Blog Post

Microsoft Teams Blog
5 MIN READ

Advance performance approaches to deliver high quality experiences in Microsoft Teams

Mark_Longton's avatar
Mark_Longton
Icon for Microsoft rankMicrosoft
Jan 28, 2022

In light of rapidly evolving customer expectations and massive growth in demand for the digital communications and collaboration services Microsoft Teams offers, we've learned a lot over the past two years about what it takes to deliver a high-performance experience with Teams. In fact, we’ve built out our product roadmap and have already made several enhancements designed to ensure Teams delivers the best performance possible.


The best performance entails ensuring efficient use of device resources, such as CPU and memory, the elasticity to provide a quality experience across a range of device types, network speeds and variability in connectivity. In this blog, we’re providing an overview of our approach to enhancing Teams’ performance, including for fundamentals, and sharing with you our continuous improvements to the performance and user experience with Teams.

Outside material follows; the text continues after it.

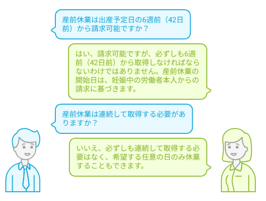 産休:連続休業の義務はなく、分割回数に制限なし(ただし産後期間は原則就労不可*)

Here are some of the ways we’re doing that:

Figure 1 Performance Pillars of Investment

 

Setting performance goals

We have aggressive, centrally documented targets for application responsiveness, latency, memory, power, and disk footprint. We tend to focus on edge case metrics that may be a result of very low-end devices as well as the average experience that users experience, as measured on the user’s device, to best represent the user experience across different scenarios. Those target goals are then applied to the development of features. Factors that influence these scenarios and targets include listening to customer and partner feedback, the frequency with which the scenario occurs, and the expected impact that changes will have on our users.


Analyzing performance with advanced reporting and insights

To help us intensively analyze the performance metrics, extensive instrumentation is added to the clients. Metrics are captured first in a lab and then gradually with a small set of users as we deploy to validate our changes. Once the metrics meet their targets, we expand to more users. Dashboards with different pivots are in place to provide visualizations to observe trends, identify improvement opportunities, and validate the impact of changes.


Performance improvements are typically rolled out to just a portion of the user base first, allowing us to experiment and compare metrics against the existing code used by other users. Below is an example chart generated from an A/B test as we moved data processing to a separate thread. This experiment provided real-world data to validate impacts and provide justification that we should roll out the change to the full user base.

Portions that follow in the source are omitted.